Map 3: North Polar 3
Draco to Cassiopeia
August 1, 2007
Cepheus the King and part of the huge constellation Draco the Dragon make up most of Map 3. This area of sky may not contain many bright stars, but it offers a variety of celestial targets, from red stars to galaxies.
Start your deep-sky hunt 5° southeast of Zeta Draconis with the Cat's Eye Nebula (NGC 6543). Depending on your color perception, you'll either see this planetary nebula as greenish-blue or bluish-green, but you will see color. Through a 10-inch scope, the Cat's Eye resembles a somewhat unstructured spiral galaxy. An outer shell of gas 5' across surrounds the "eye," but seeing this feature requires a 16-inch or larger telescope.

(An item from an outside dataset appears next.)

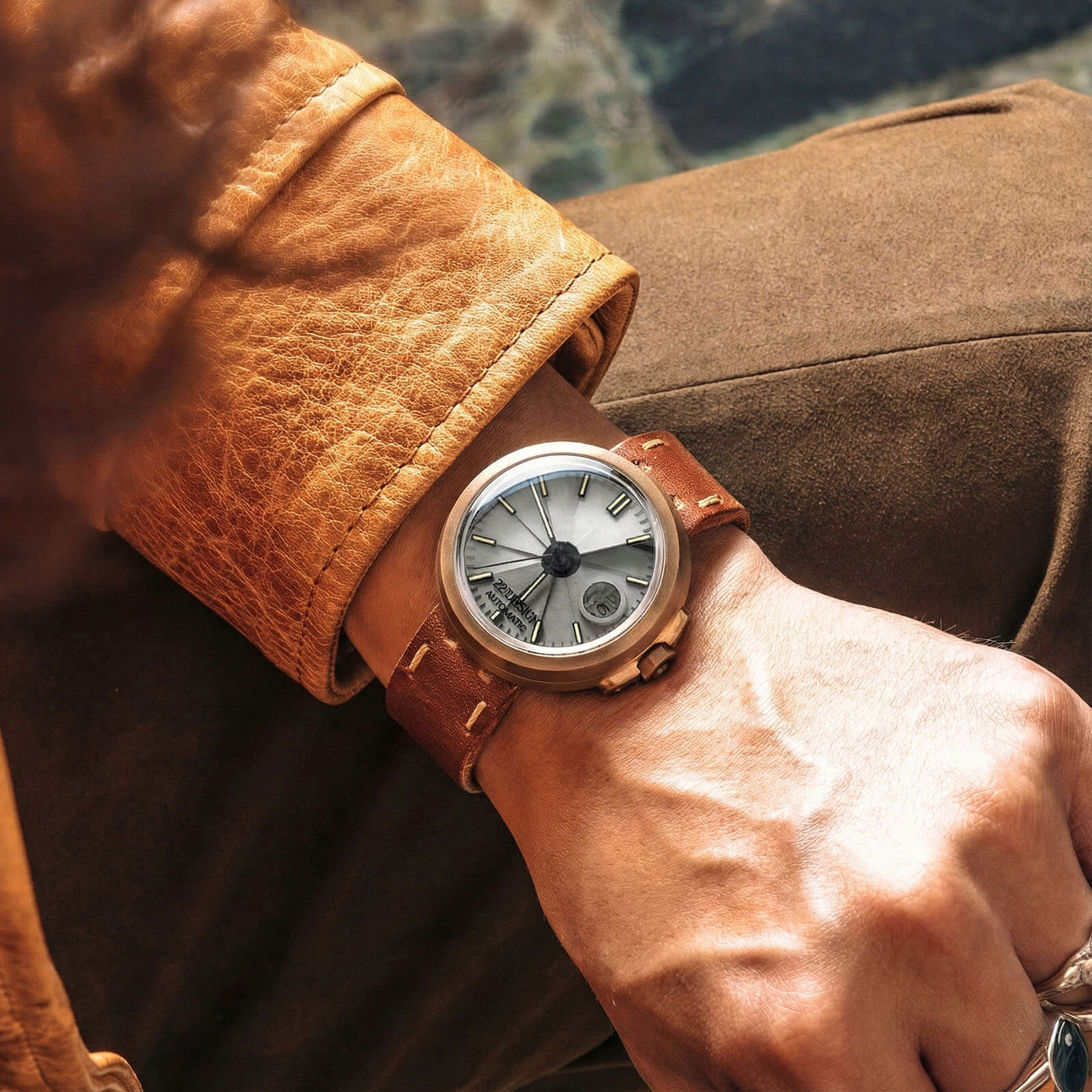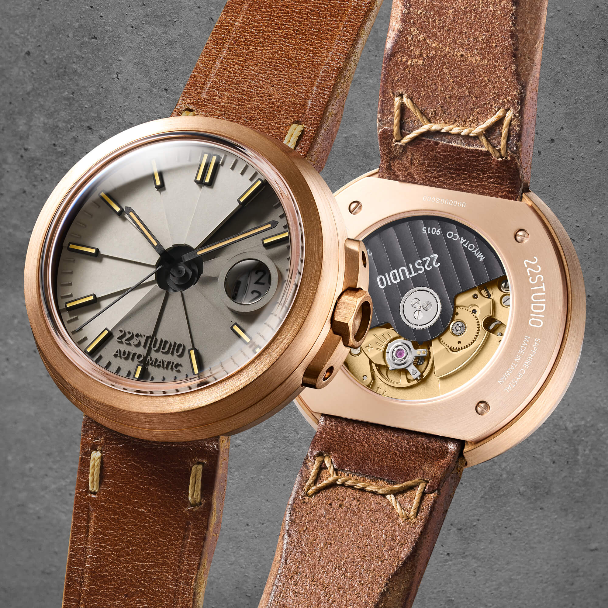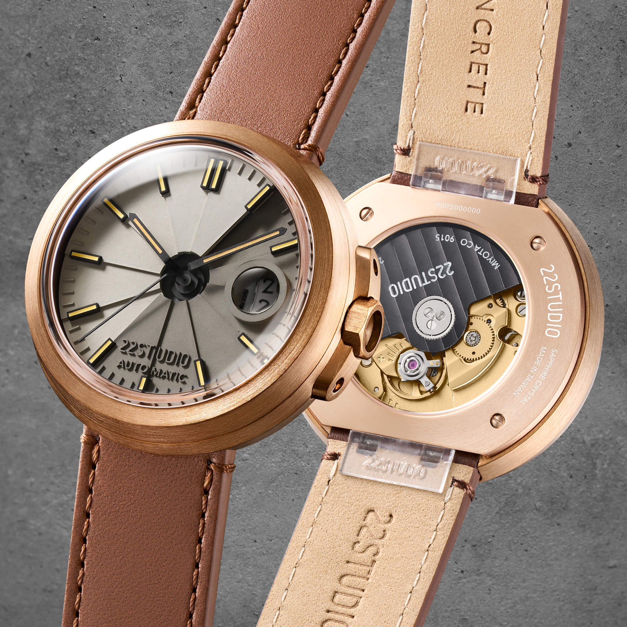 米色與石柱灰色清水模錶盤、青銅毛絲面錶殼、搭配黑色指針與時標、復古橘色超級夜光、咖啡色植揉革錶帶,濃濃的safari風格,青銅的特色在經過長時間的使用後,會氧化改變色澤,產生深淺程度不同或局部霧狀紋路。經過時間的洗禮產生的使用印記,是22STUDIO認為手錶最美的狀態。(*出貨時,青銅為全新未氧化玫瑰金狀態。)

Only 1¾° northeast of Omega Draconis lies NGC 6503, a 10th-magnitude spiral galaxy that even a 4-inch scope will reveal. NGC 6503 is roughly 3 times as long as it is wide. Its central region appears elongated, and the brightest part is not exactly centered.

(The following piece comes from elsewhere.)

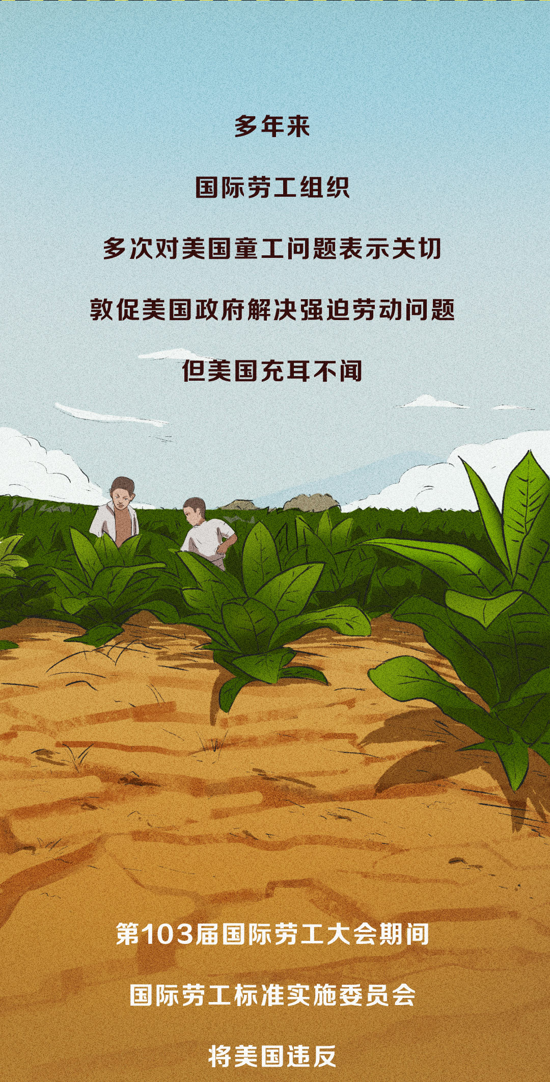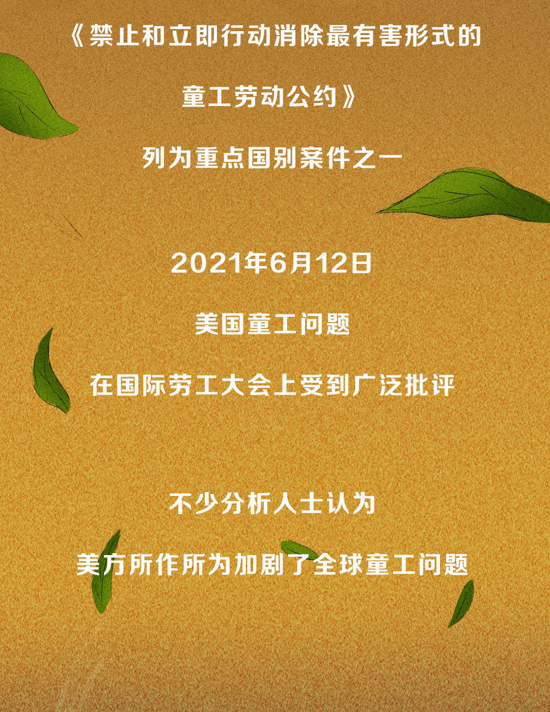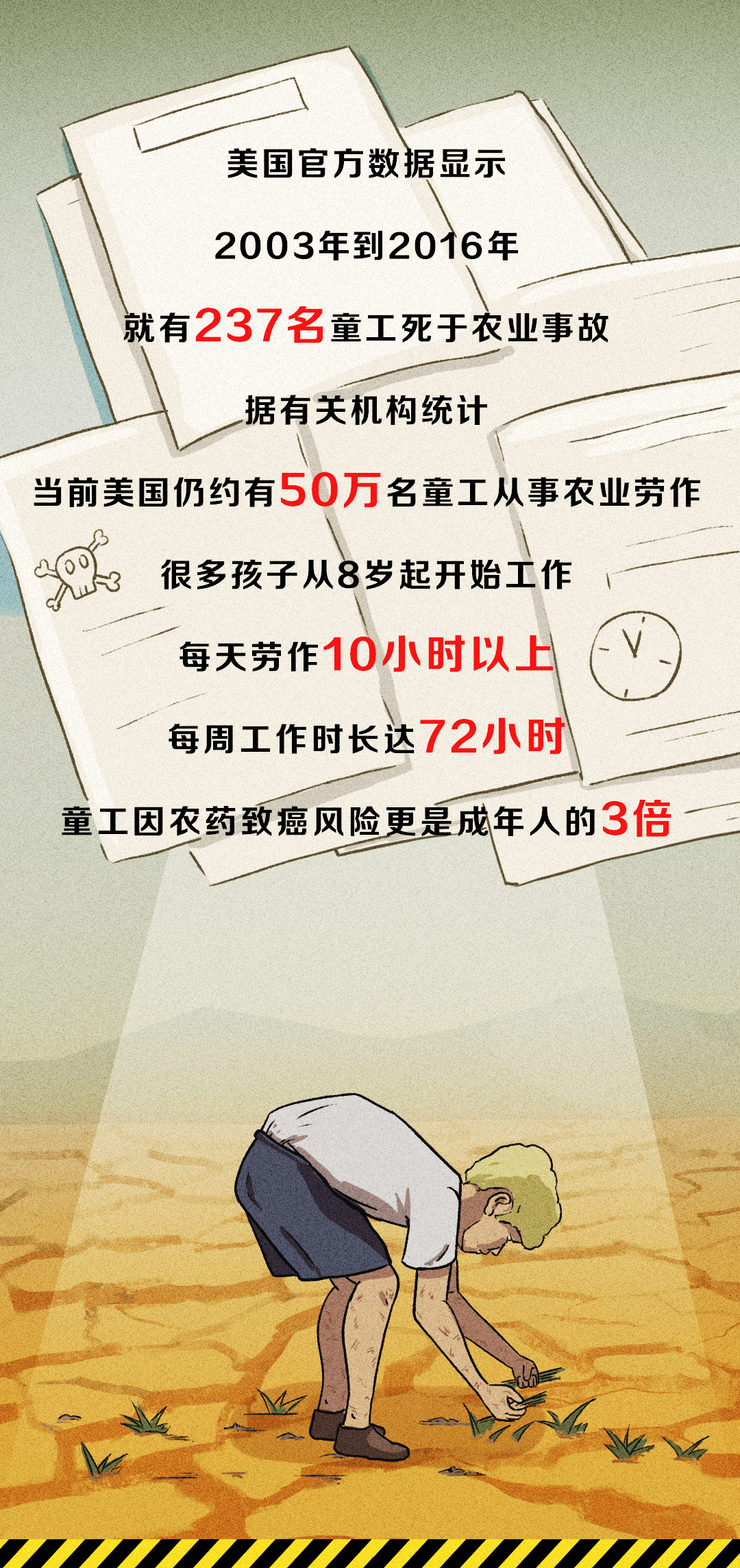近日,國(guó)際勞工組織和聯(lián)合國(guó)兒童基金會(huì)最新報(bào)告揭露全球童工人數(shù)在今年出現(xiàn)了近20年來(lái)的首次反彈,據(jù)有關(guān)機(jī)構(gòu)統(tǒng)計(jì),高呼人權(quán)至上的美國(guó)竟有約50萬(wàn)名童工。一圖了解美國(guó)童工問(wèn)題。
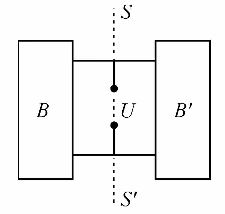 所用的直切面,即该电路的传递对称面,如右图中的 $SS'$ 平面。传递对称面可能不止一个。与传递对称面对称的点称为传递对称点。如在端口处加上电压,每一对传递对称点的电势都是相等的。

In Cepheus, you'll find open cluster NGC 6939 easily. It forms an equilateral triangle with 3rd-magnitude Eta and 4th-magnitude Theta Cephei. NGC 6939 is an 8th-magnitude group of roughly 60 stars between magnitudes 11 and 13 in an area 5' across.
Along Cepheus' southern edge lies Herschel's Garnet Star (Mu Cephei). Astronomer William Herschel first described it in the 18th century. Glowing at 4th magnitude, Mu is one of the sky's reddest stars — a sure cure for the observing blues.
Mu marks the northern edge of emission nebula IC 1396. This giant object spans 2° (4 Full Moons) and is difficult to see in 6-inch or smaller telescopes. In larger instruments, IC 1396 appears as a circular mist crossed by many dark lanes.